According to figure 12.11, logic diagram of a four decimal digits frequency counter has been illustrated, wherein existing amplifier block, rectifies the state of unknown input signal and converts it to such a square wave signal, that a TTL compatible signal starts being receiving on TTL, which consists of a series of positive pulses moving from 0 towards +5V DC (i.e. amplifier block fetches unknown input signal and converts it into a TTL compatible signal or converts it into a square wave signal which tend to be compatible with the count gate)
Divider is a collection of 6-decade counters (e.g. 54 / 74160) which are fitted together on a series. Its input is received from oscillator clock which tends to be a square 100KHz square wave. 10KHz, 1Hz and 0.1Hz square wave outputs are received from the divider’s output, which are used to produce enable gate signal or through which gate is enabled.
Figure 12.11 – Four decimal digit frequency counter
When a 1Hz square wave is used in order to operate or drive a gate flip – flop, its output Q tends to be 0.5Hz square wave. Output Q remains high for a full one second (1s) and then remains low for a full one second (1s) and it is used for an enable gate signal. It is worth – mentioning that a 10Hz signal enables (turns on) gate for 0.1 second and a 0.1 Hz signal enables gate for 10 seconds. Now with the help of wave forms represented in figure 12.11, we try to understand as to how this circuit actually tends to work.
When gate flip -flop toggles (operation of a flip – flop to change its status on every clock pulse is called toggle) then measurement period starts, which is denoted on time line with START. In such a situation, input passes through the count gate and makes an addition to the counter’s counting or advances counter’ s count (suppose counter’s initial reading starts from 0000). At the end of enable gate time t (time during which input passes through the gate) gate flip – flop toggles and at the same time advances in counter’s count also stops (i.e. counter stops working) and this negative transition in Q triggers one shot 74121. At this moment, gate flip – flops’ Q output becomes high (owing to Q being low) and it turns on or irradiates counters ‘ contents and displays it. Here, minimum propagation display time through 74121 is 30 nano seconds. And after this time, a negative RESET pulse appears on 74121 ‘s output X, which assures that counter’ s contents have been irradiated and displayed before the counter resets. The width of reset pulse coming from 74121 tends to be 1 micro second, which is set through its C and R timing components. The ending of a reset pulse tends to an end of the measurement period, which is reflected on time line by END.
In case, gate enable time t value is one second, decimal point will be towards the right of the units’ digit on display and counter will be able to count full scale up to 9999, in which there may be a possibility of either a positive or negative omission or error of only one count (i.e. 1 out of 10,000). In case of a 10 seconds gate, decimal point lies between units and tens and in case of a 0.1 seconds gate, decimal point will be on a cell one step ahead towards the right of units’ digit (this point has also been elaborated by means of figure 12.10).

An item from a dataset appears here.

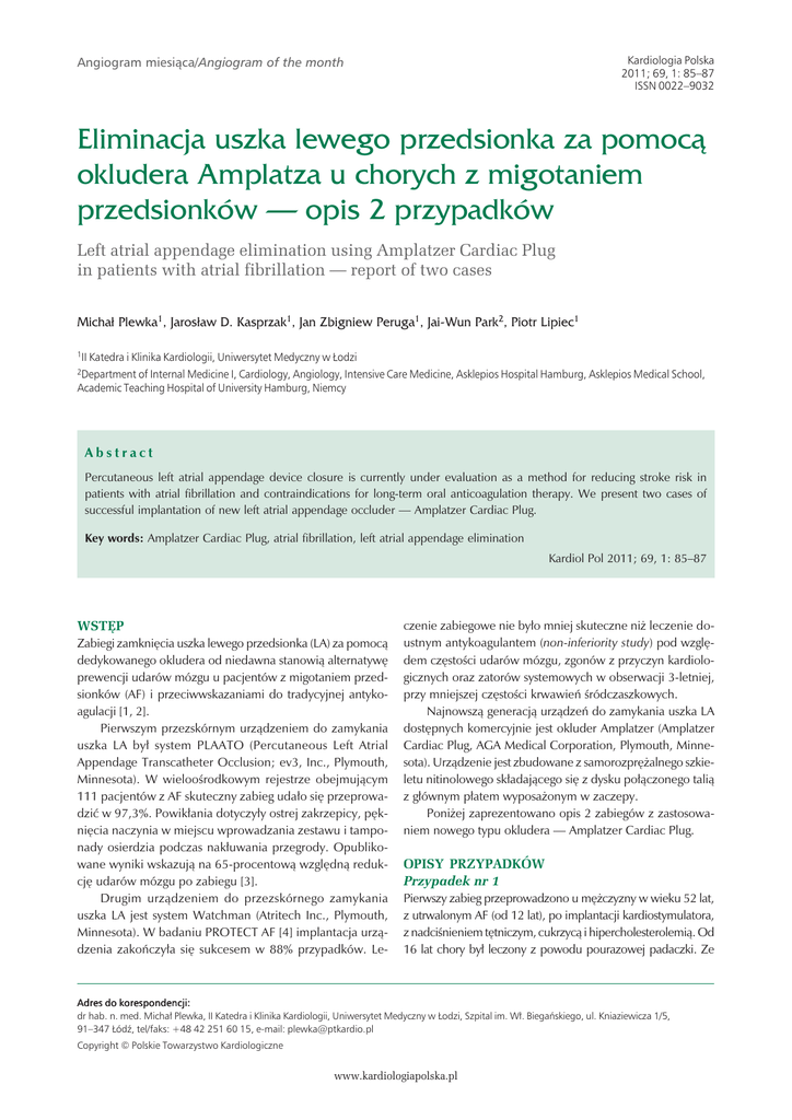 Kardiologia Polska 2011; 69, 1: 85–87 ISSN 0022–9032 Angiogram miesiąca/Angiogram of the month Eliminacja uszka lewego przedsionka za pomocą okludera Amplatza u chorych z migotaniem przedsionków — opis 2 przypadków Left atrial appendage elimination using Amplatzer Cardiac Plug in patients with atrial fibrillation — report of two cases Michał Plewka1, Jarosław D. Kasprzak1, Jan Zbigniew Peruga1, Jai−Wun Park2, Piotr Lipiec1 1II Katedra i Klinika Kardiologii, Uniwersytet Medyczny w Łodzi 2Department of Internal Medicine I, Cardiology, Angiology, Intensive Care Medicine, Asklepios Hospital Hamburg, Asklepios Medical School, Academic Teaching Hospital of University Hamburg, Niemcy Abstract Percutaneous left atrial appendage device closure is currently under evaluation as a method for reducing stroke risk in patients with atrial fibrillation and contraindications for long-term oral anticoagulation therapy. We present two cases of successful implantation of new left atrial appendage occluder — Amplatzer Cardiac Plug. Key words: Amplatzer Cardiac Plug, atrial fibrillation, left atrial appendage elimination Kardiol Pol 2011; 69, 1: 85–87 WSTĘP Zabiegi zamknięcia uszka lewego przedsionka (LA) za pomocą dedykowanego okludera od niedawna stanowią alternatywę prewencji udarów mózgu u pacjentów z migotaniem przedsionków (AF) i przeciwwskazaniami do tradycyjnej antykoagulacji [1, 2]. Pierwszym przezskórnym urządzeniem do zamykania uszka LA był system PLAATO (Percutaneous Left Atrial Appendage Transcatheter Occlusion; ev3, Inc., Plymouth, Minnesota). W wieloośrodkowym rejestrze obejmującym 111 pacjentów z AF skuteczny zabieg udało się przeprowadzić w 97,3%. Powikłania dotyczyły ostrej zakrzepicy, pęknięcia naczynia w miejscu wprowadzania zestawu i tamponady osierdzia podczas nakłuwania przegrody. Opublikowane wyniki wskazują na 65-procentową względną redukcję udarów mózgu po zabiegu [3]. Drugim urządzeniem do przezskórnego zamykania uszka LA jest system Watchman (Atritech Inc., Plymouth, Minnesota). W badaniu PROTECT AF [4] implantacja urządzenia zakończyła się sukcesem w 88% przypadków. Le- czenie zabiegowe nie było mniej skuteczne niż leczenie doustnym antykoagulantem (non-inferiority study) pod względem częstości udarów mózgu, zgonów z przyczyn kardiologicznych oraz zatorów systemowych w obserwacji 3-letniej, przy mniejszej częstości krwawień śródczaszkowych. Najnowszą generacją urządzeń do zamykania uszka LA dostępnych komercyjnie jest okluder Amplatzer (Amplatzer Cardiac Plug, AGA Medical Corporation, Plymouth, Minnesota). Urządzenie jest zbudowane z samorozprężalnego szkieletu nitinolowego składającego się z dysku połączonego talią z głównym płatem wyposażonym w zaczepy. Poniżej zaprezentowano opis 2 zabiegów z zastosowaniem nowego typu okludera — Amplatzer Cardiac Plug. OPISY PRZYPADKÓW Przypadek nr 1 Pierwszy zabieg przeprowadzono u mężczyzny w wieku 52 lat, z utrwalonym AF (od 12 lat), po implantacji kardiostymulatora, z nadciśnieniem tętniczym, cukrzycą i hipercholesterolemią. Od 16 lat chory był leczony z powodu pourazowej padaczki. Ze Adres do korespondencji: dr hab. n. med. Michał Plewka, II Katedra i Klinika Kardiologii, Uniwersytet Medyczny w Łodzi, Szpital im. Wł. Biegańskiego, ul. Kniaziewicza 1/5, 91–347 Łódź, tel/faks: +48 42 251 60 15, e-mail: [email protected] Copyright © Polskie Towarzystwo Kardiologiczne www.kardiologiapolska.pl 86 Michał Plewka et al. Rycina 1. Przypadek 1. Angiograficzna ocena uszka lewego przedsionka przed implantacją okludera Rycina 2. Przypadek 1. Obraz źle dobranego okludera — brak szczelności; kontrast poprzez dysk okludera wypełnia dystalną część uszka lewego przedsionka (strzałka) względu na interakcje między karbamazepiną i acenokumarolem występowały trudności z uzyskaniem terapeutycznej wartości INR, nawet mimo wysokich dawek acenokumarolu. W badaniu echokardiograficznym stwierdzono poszerzenie LA (46 mm), przerost mięśnia sercowego, niewielkie odcinkowe zaburzenia kurczliwości z frakcją wyrzutową lewej komory (LVEF) wynoszącą 57% i niewielką niedomykalność mitralną. W badaniu przezprzełykowym (TEE) stwierdzono optymalne warunki anatomiczne do implantacji zapinki, bez obecności skrzeplin wewnątrzsercowych. Na podstawie pomiarów echokardiograficznych i angiograficznych chorego zakwalifikowano do implantacji okludera Amplatzer o rozmiarze 22 mm (ryc. 1). Jednak po wprowadzeniu zapinki okazało się, że przyleganie do ścian uszka LA nie było optymalne (ryc. 2). Zdecydowano o wymianie okludera na rozmiar 24 mm, lepiej dopasowanego do anatomii uszka LA tego pacjenta (ryc. 3, 4). stwierdzono optymalne warunki anatomiczne do implantacji okludera, bez obecności skrzeplin wewnątrzsercowych. Chorego zakwalifikowano do implantacji okludera Amplatzer o rozmiarze 22 mm. Przypadek nr 2 Drugi zabieg wykonano u mężczyzny w wieku 55 lat, z napadowym AF, nadciśnieniem tętniczym, cukrzycą i hipertriglicerydemią. U chorego mimo wielokrotnych prób optymalizacji dawek acenokumarolu kilkukrotnie występowały istotne klinicznie krwawienia z przewodu pokarmowego oraz z żylaków kończyn dolnych. W przezklatkowym badaniu echokardiograficznym (TTE) stwierdzono: poszerzenie lewej komory (w skurczu 43 mm, w rozkurczu 58 mm), poszerzenie LA (58 mm), niewielką nieodmykalność mitralną I o, LVEF równą 50%. W badaniu TEE Technika zabiegu Zabiegi wykonano w znieczuleniu ogólnym, z dostępu przez żyłę udową. Pod kontrolą angiograficzną i obrazowania TEE wykonano nakłucie przegrody igłą Brockenbrough (Medtronic), wprowadzono okluder do uszka LA, po optymalizacji pozycji i kontrolnym podaniu kontrastu odłączano urządzenie od zestawu. Zabieg wykonywano u pacjentów nasyconych klopidogrelem, podczas procedury stosowano heparynę niefrakcjonowaną pod kontrolą aktywnego czasu koagulacji (ACT 250 s). Po zabiegu przez

Clock oscillator is set on 100KHz and in case of 0.1 second gate, according to this enable gate time provides accurate pulses with an error probability of one part or count out of 104 and the accuracy of these pulses is compatible with counter.

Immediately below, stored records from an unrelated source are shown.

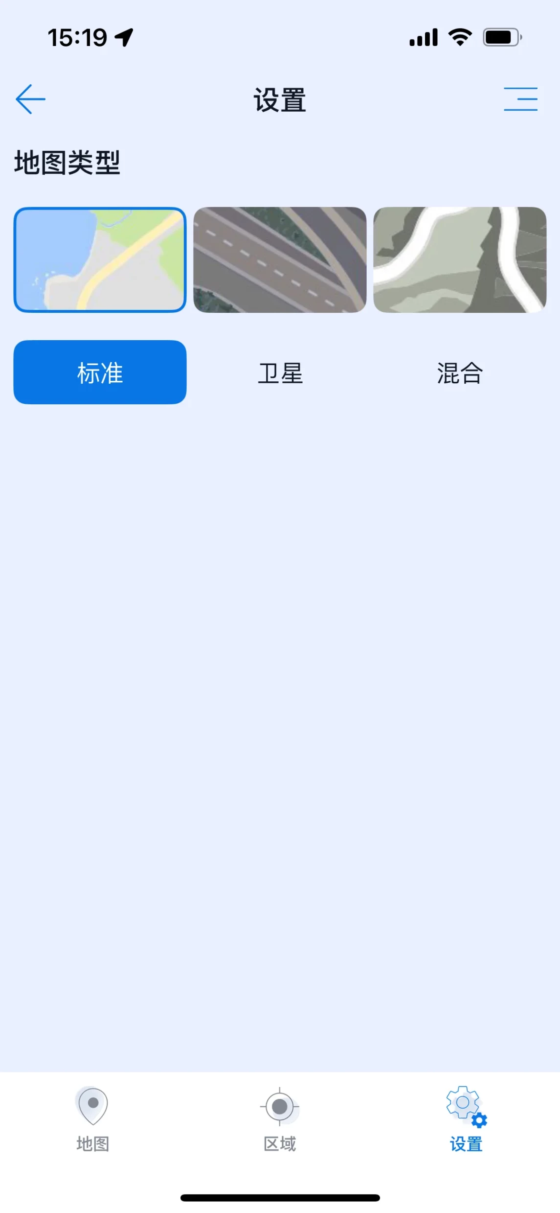 在这里,您可以更改地图显示类型。可用的模式包括:“标准”、“卫星”、“混合”。
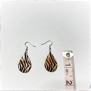 Chic pair of zebra striped earrings in tear drop shape. Ash hardwood. Laser cut and engraved on my glowforge and hand assembled by me.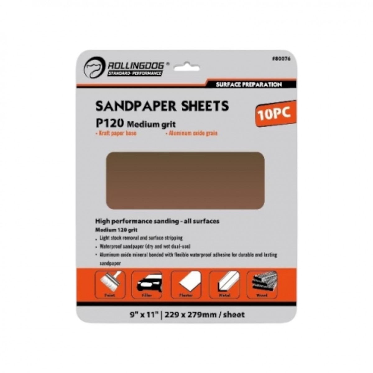 Набір наждакового паперу Rollingdog, 10шт, 230х280мм, Р120 (80076) кожен аркуш виготовлений з високоякісного оксиду алюмінію, забезпечуючи ефективне шліфування та довговічність. Гнучкий водостійкий клейовий шар дозволяє використовувати папір як для сухого, так і для вологого шліфування.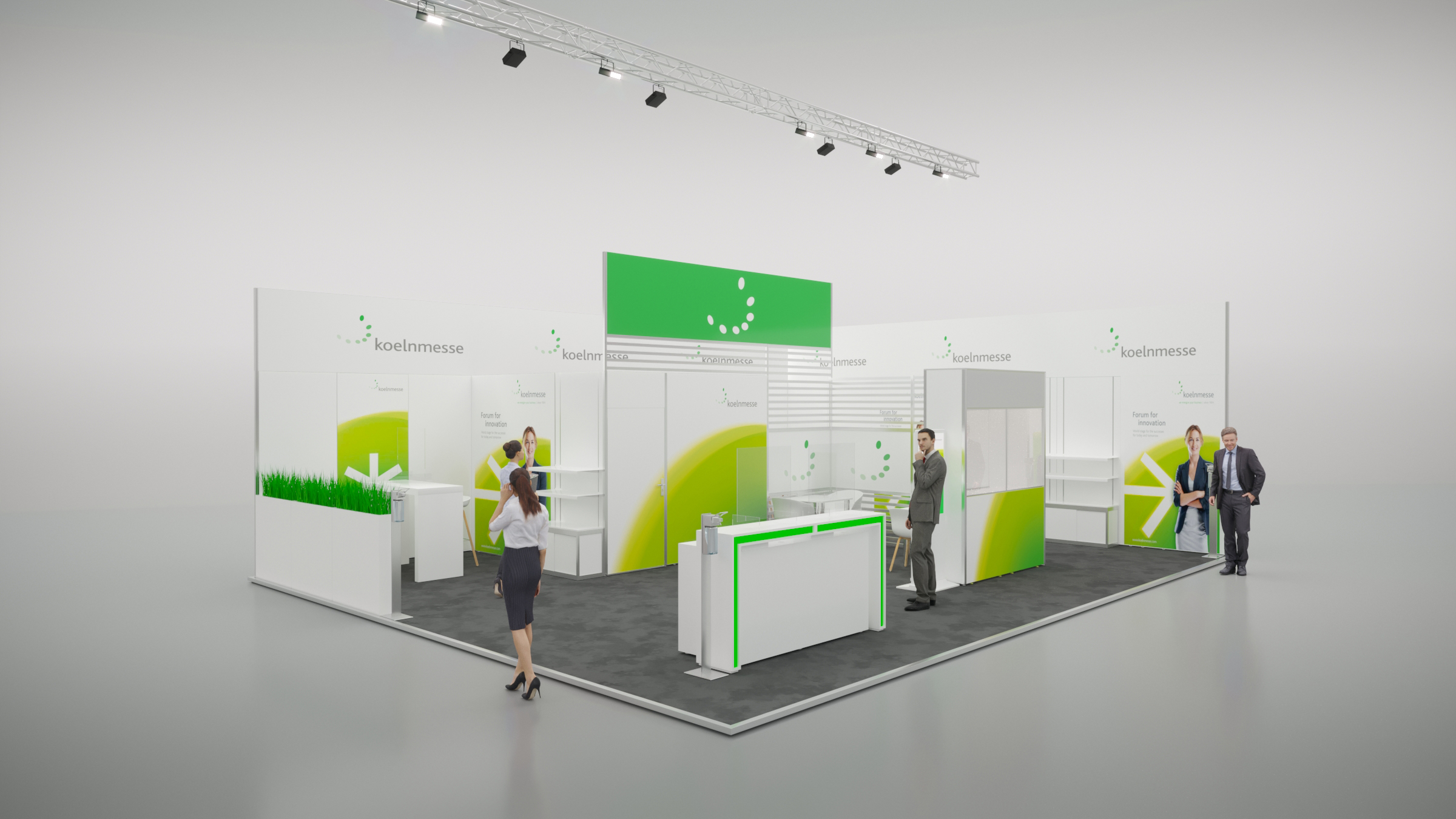 Die Preisangaben beziehen sich immer auf einen B10 x T8 = 80 m² Eckstand. Andere Standgrößen und Standformen (Reihenstand, Kopfstand, Blockstand) sind modular adaptierbar und kalkulieren wir nach Ihrem Briefing gerne individuell für Sie.

In figure 12.11, the design of a frequency counter is one of the multiple methods being applied for manufacturing on TTL chips. However, several such chips are available, of which every chip contains a full – fledged design e.g. ICM 7226A etc.
Time Period Counter
A digital device, which is used for the measurement of time period of any waveform, is called time period counter. In figure 12.12, logic diagram of instruments used for measurement of time period has been illustrated, by using basic concepts of which, a time period counter can be manufactured. Remember, this diagram has been prepared by making slight modifications in the block diagram of frequency counter as shown in figure 12.8 (i.e. by means of slight modification in a frequency counter, it can also be changed to instruments for measurement of the time period)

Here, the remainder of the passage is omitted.